Personal information
- Full name: Murray Exelby
- Born: 11 October 1912
- Died: 21 October 1987 (aged 75)
- Original team: East Brunswick
- Height: 173 cm (5 ft 8 in)
- Weight: 72 kg (159 lb)
- Position: Rover / Half forward flank

Playing career^{1}
- Years: Club / Games (Goals)
- 1935–44: Essendon / 113 (102)
- ^{1} Playing statistics correct to the end of 1944.

= Murray Exelby =

Australian rules footballer, born 1912

Murray Exelby (11 October 1912 – 21 October 1987) was an Australian rules footballer who played for Essendon in the Victorian Football League (VFL) for nearly a decade.

Exelby, a rover and half forward flanker, kicked six goals against Melbourne in the opening round of the 1940 VFL season and finished the year with a career best 24 goals.
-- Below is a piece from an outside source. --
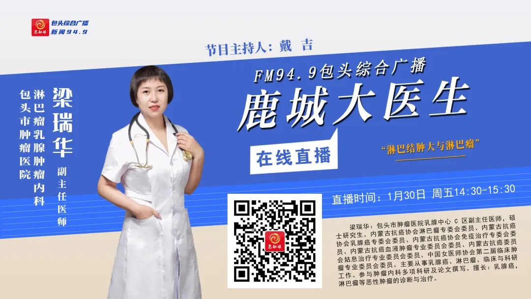FM94.9包头综合广播1月30日(周五)14:30到15:30播出的《鹿城大医生》节目,将邀请包头市肿瘤医院淋巴瘤乳腺肿瘤内科副主任医师——梁瑞华和您一起关注:“淋巴结肿大与淋巴瘤”欢迎您届时收听参与!

Recruited from East Brunswick, he was a losing Grand Finalist the following season and a premiership player in 1942, with two goals in the Grand Final win over Richmond. In all, he appeared in eight finals during his career.

He spent the 1945 and 1946 seasons at Preston. After coaching stints with Leongatha and Mitcham, Exelby joined Queensland club Mayne as captain-coach in 1950.